Exercise 7 | Oxidation-Reduction Reactions

Balance the following redox reaction in basic solution:

H3AsO3 (aq) + I2 (aq) → H3AsO4 (aq) + I- (aq)

1) Divide the reaction into half-reactions:

H3AsO3 (aq) → H3AsO4 (aq)

I2 (aq) → 2 I- (aq)

2) Balance O atoms by adding H2O molecules:

H3AsO3 (aq) + H2O (l) → H3AsO4 (aq)

I2 (aq) → 2 I- (aq)

3) Balance H atoms by adding H+ ions:

H3AsO3 (aq) + H2O (l) → H3AsO4 (aq) + 2 H+ (aq)

I2 (aq) → 2 I- (aq)

4) Balance charge by adding electrons:

H3AsO3 (aq) + H2O (l) → H3AsO4 (aq) + 2 H+ (aq) + 2 e-

I2 (aq) + 2 e- → 2 I- (aq)

5) Multiply each half-reaction by an integer to have: number of electrons lost = number of electrons gained

(in this case, you don't have to do this step):

H3AsO3 (aq) + H2O (l) → H3AsO4 (aq) + 2 H+ (aq) + 2 e-

I2 (aq) + 2 e- → 2 I- (aq)

6) Add the half-reactions together:

H3AsO3 (aq) + H2O (l) + I2 (aq) → H3AsO4 (aq) + 2 H+ (aq) + 2 I- (aq)

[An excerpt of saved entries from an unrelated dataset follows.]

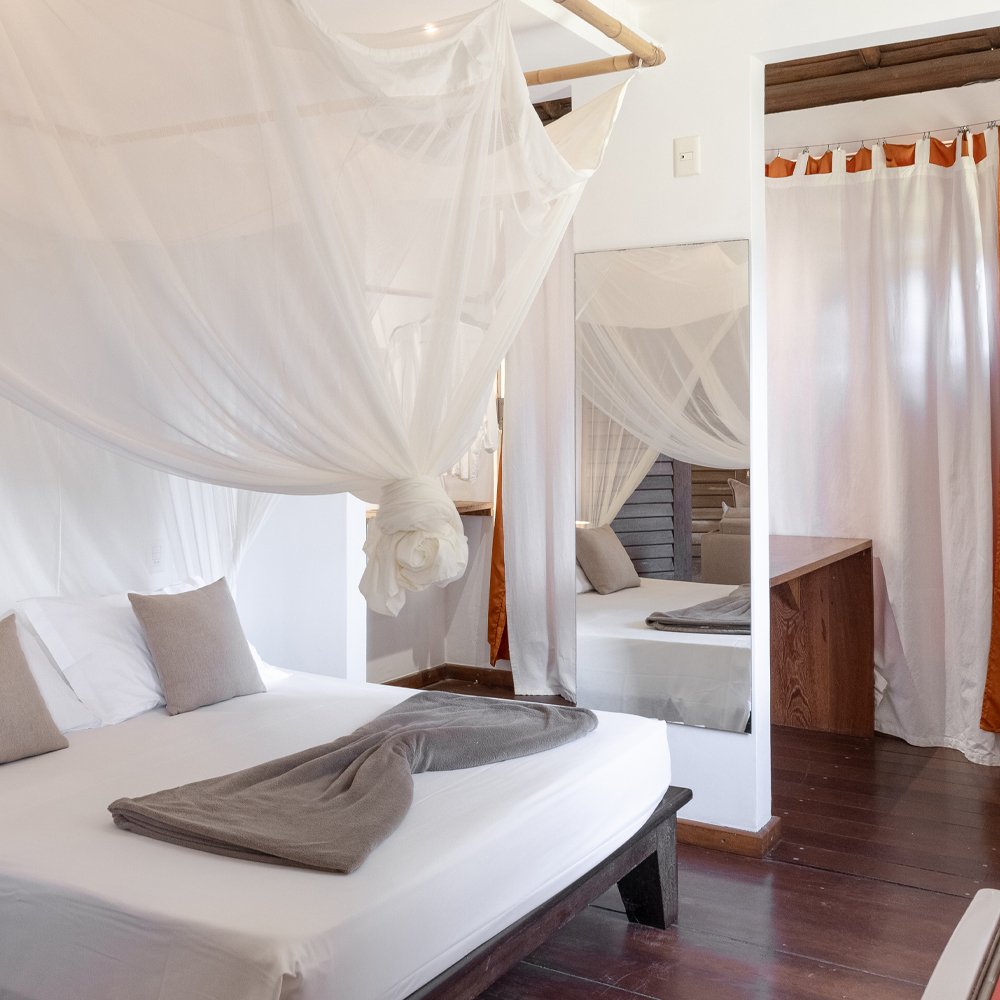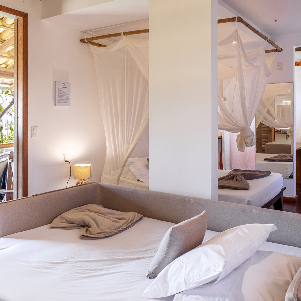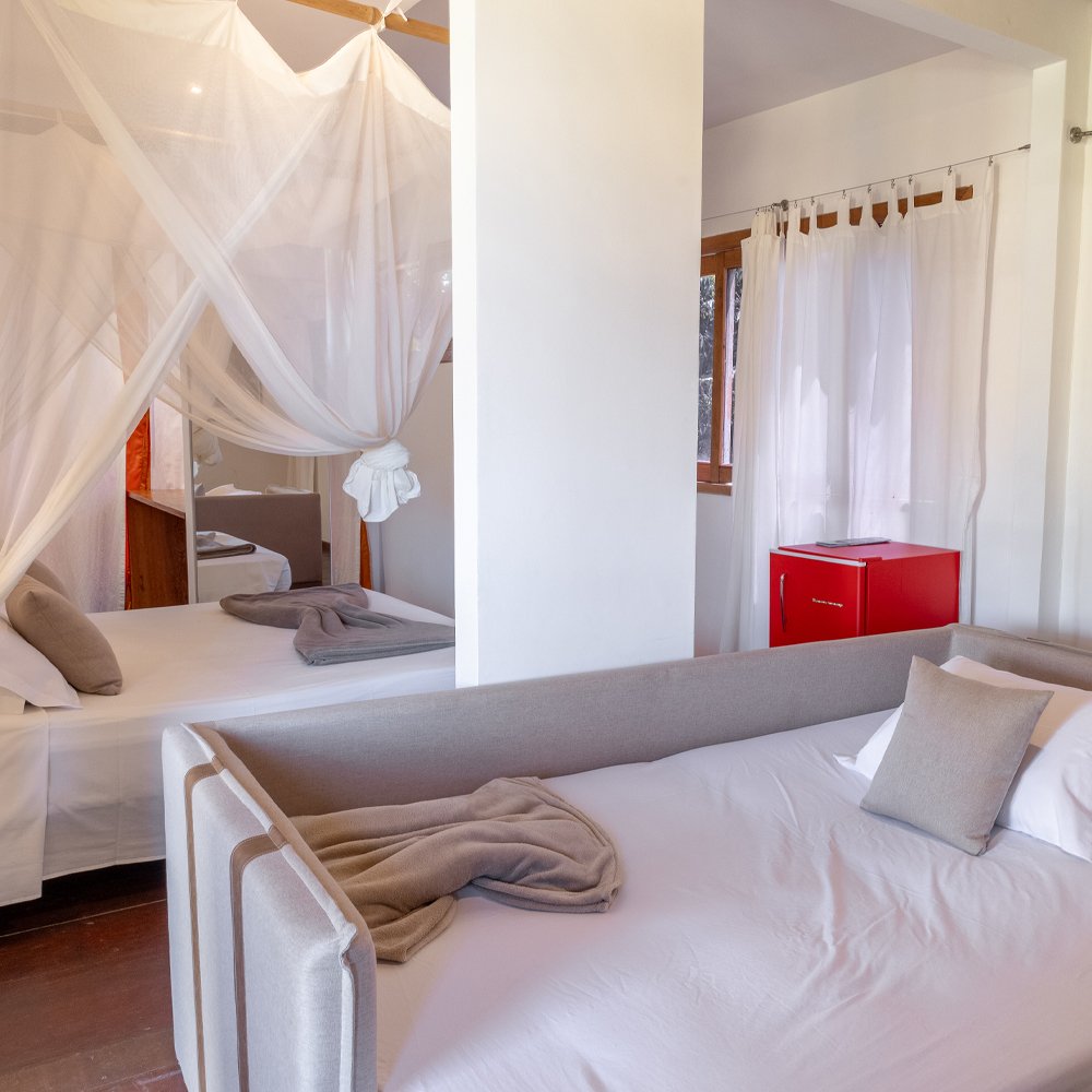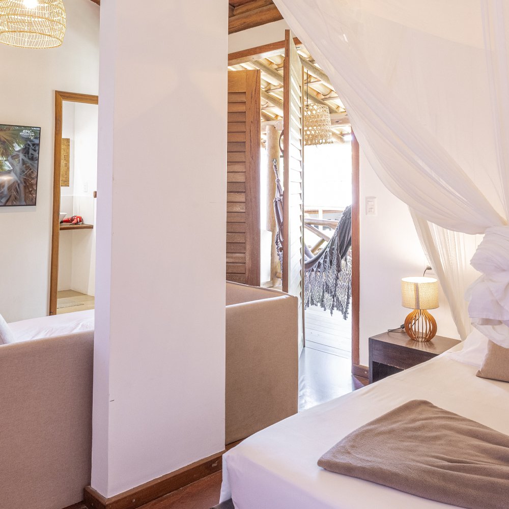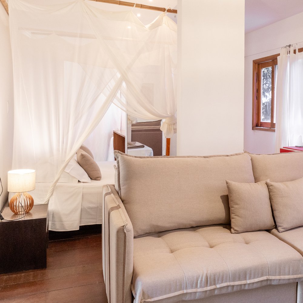 A Suíte Andar Superior é um ambiente único, localizada no segundo andar e conta com uma cama de casal e sofá-cama que pode ser convertido em cama de casal.
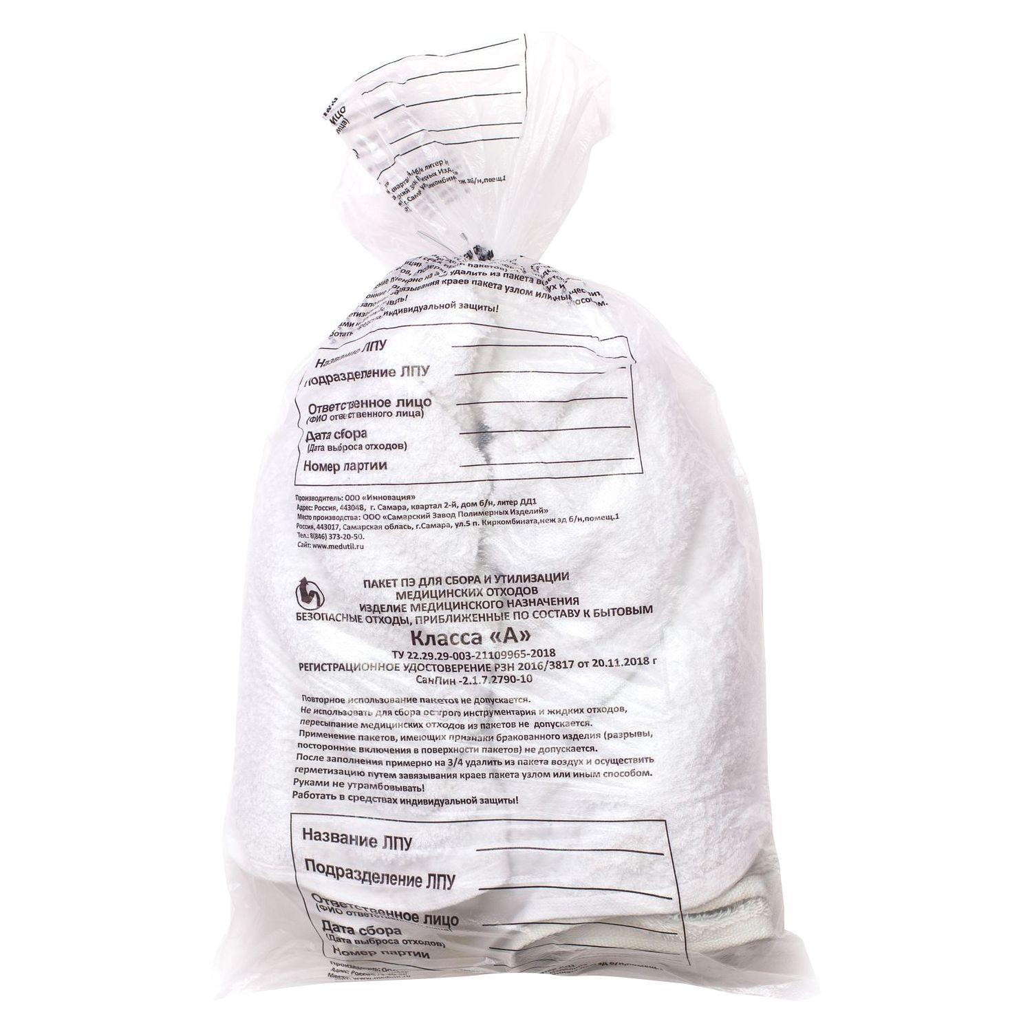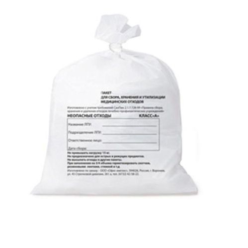Класс А (неопасные), белые пакеты — отходы, не имеющие контакта с биологическими жидкостями пациентов, инфекционными больными, нетоксичные отходы.
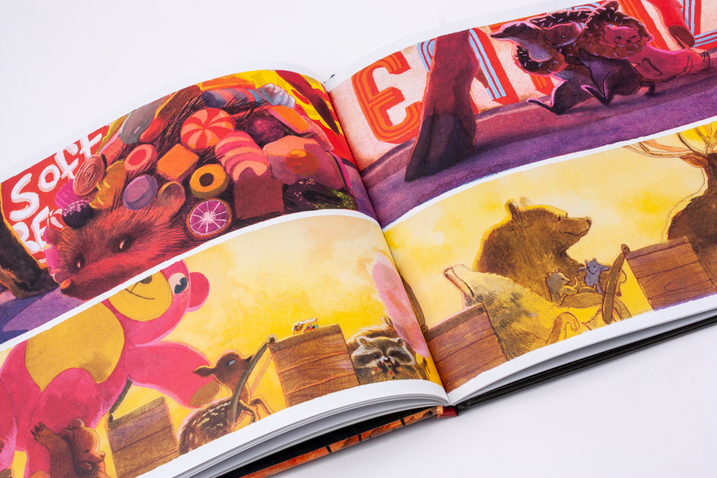 Er staat een kermis aan de rand van het bos. De hele dag is het er feest geweest. Aan het eind van de avond gaan de mensen naar huis; de lichten gaan uit en het lawaai verstomt. Maar niet voor lang! De dieren uit het bos willen op hun beurt nu plezier maken. Een dappere wasbeer trekt aan een hendel en … alle lampen springen aan, de achtbaan gaat weer rollen en de dieren nemen bezit van de attracties. Ga met ze mee en maak een wilde rit door deze magische, prachtige kermis in de nacht! Een filmisch geïllustreerd prentenboek met zo’n sterk beeldend verhaal dat tekst niet nodig is. Als je wilt kun je zelf de woorden erbij verzinnen maar met open mond genieten van de prachtige tekenstijl mag natuurlijk ook.
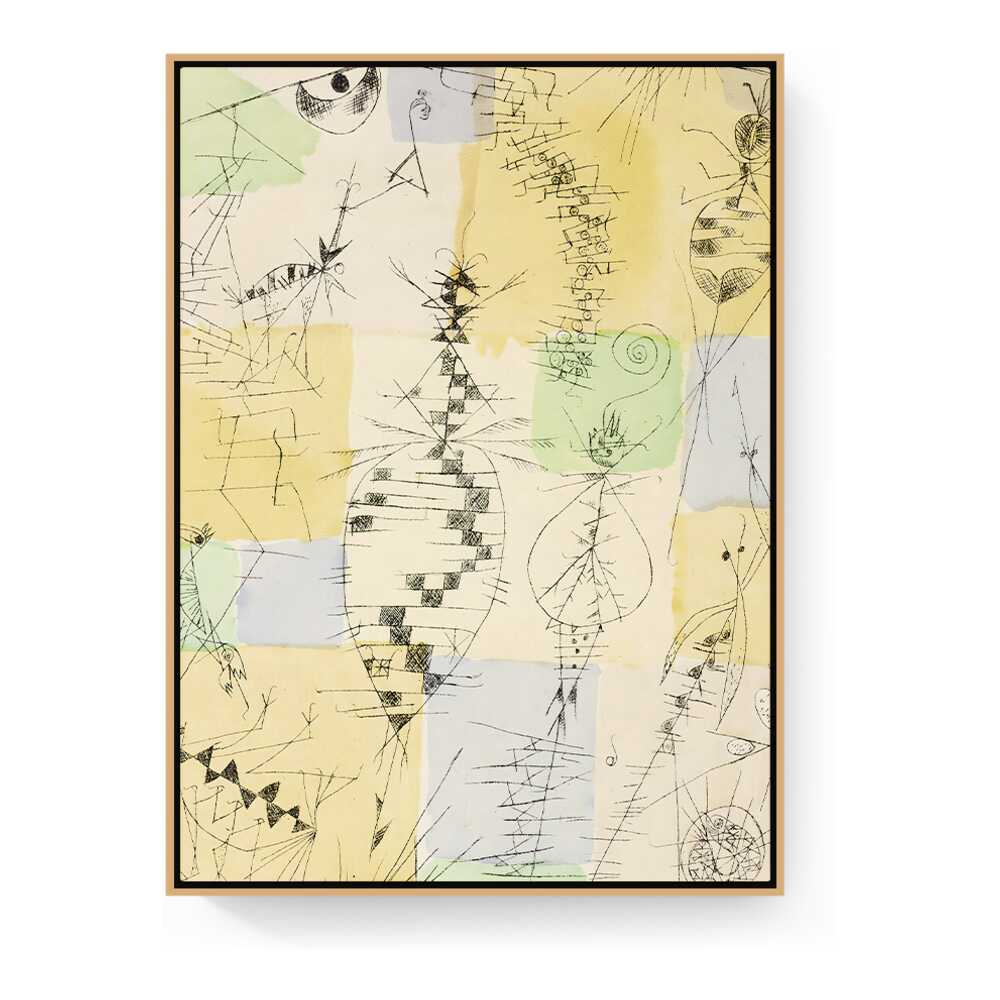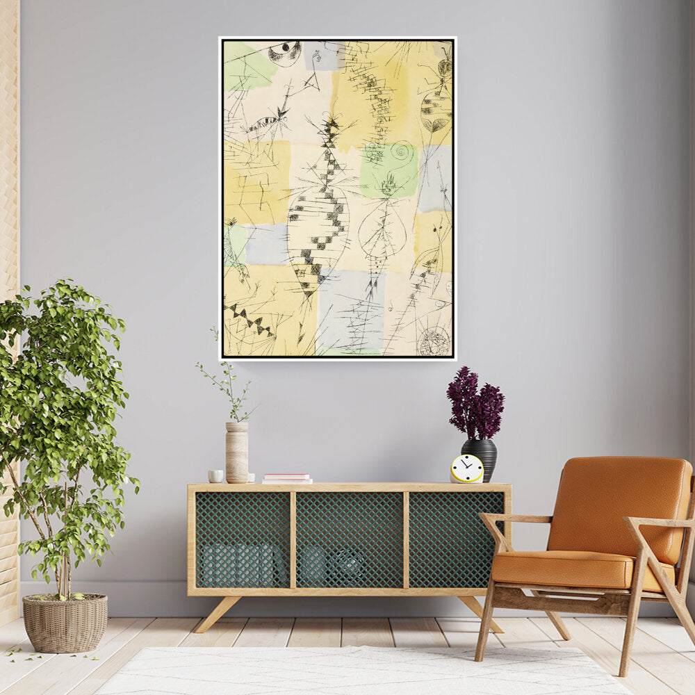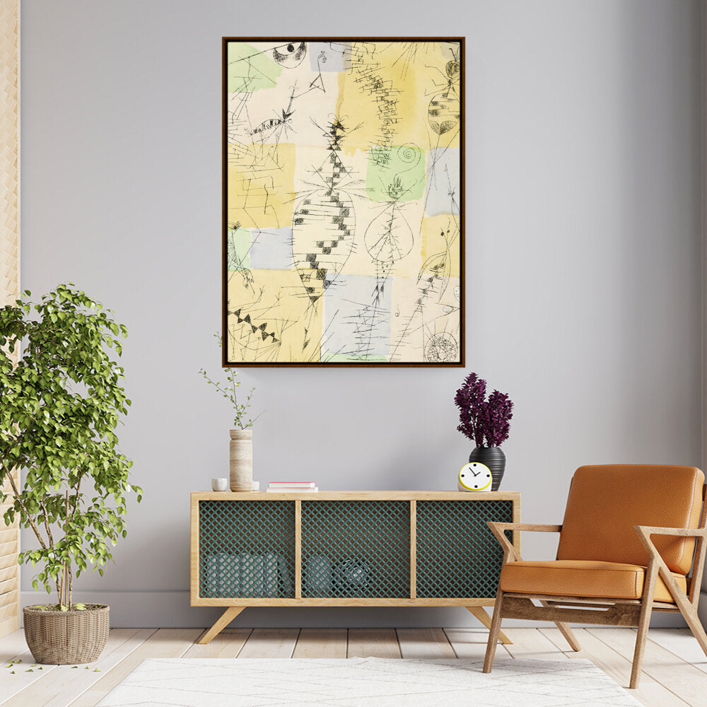 This artwork vividly combines abstract forms and playful colors, exploring the interplay between organic shapes and structured lines. It invites viewers to interpret nature's essence through a modern artistic lens, perfect for a creative space.
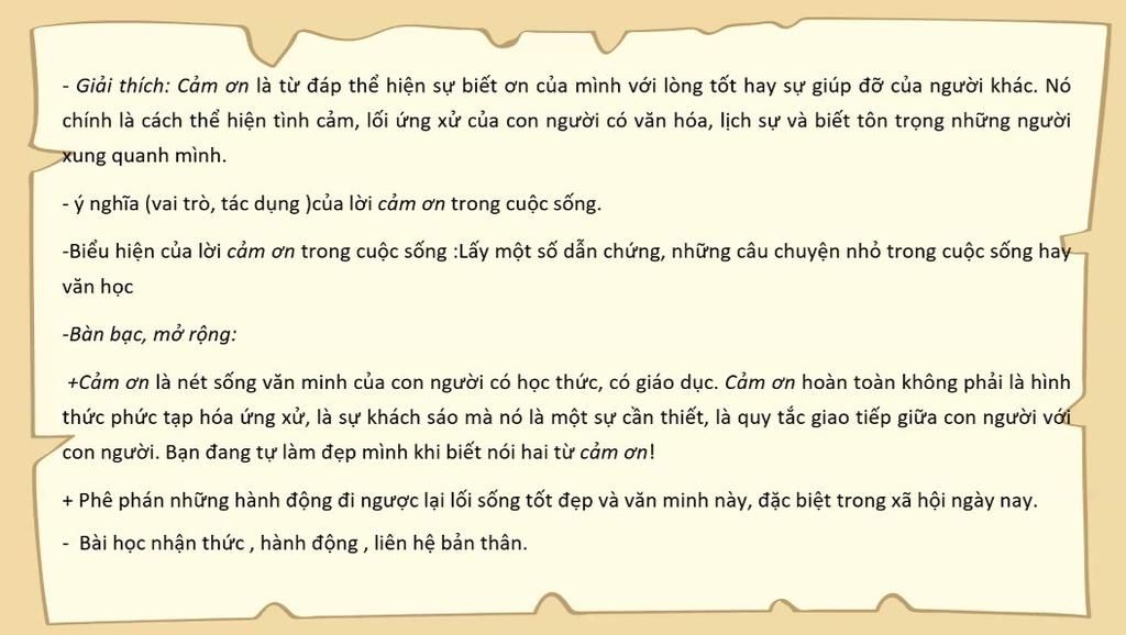 Tóm lại, nói lời “cảm ơn” là một nét đẹp trong văn hóa ứng xử của con người, là một hành động cần thiết trong những mối quan hệ giao tiếp hằng ngày. Nhưng phải nhớ rằng, lời nói luôn phải thống nhất với hành động cụ thể, phải xuất phát từ tận đáy lòng chân thành, tránh lối nói sáo rỗng, khẩu hiệu. Mỗi người chúng ta càng không nên dè sẻn lời cảm ơn mà ngược lại, hãy nói “cảm ơn” khi cần thiết. Nếu chúng ta biết cảm ơn những người xung quanh thì những mối quan hệ đó sẽ tốt hơn rất nhiều.

7) Add HO- ions to react with all H+ ions: HO- + H+ à H2O:

H3AsO3 (aq) + H2O (l) + I2 (aq) + 2 HO- (aq) → H3AsO4 (aq) + 2 H+ (aq) + 2 HO- (aq) + 2 I- (aq)

 

The balanced equation in basic solution is:

H3AsO3 (aq) + I2 (aq) + 2 HO- (aq) → H3AsO4 (aq) + H2O (l) + 2 I- (aq)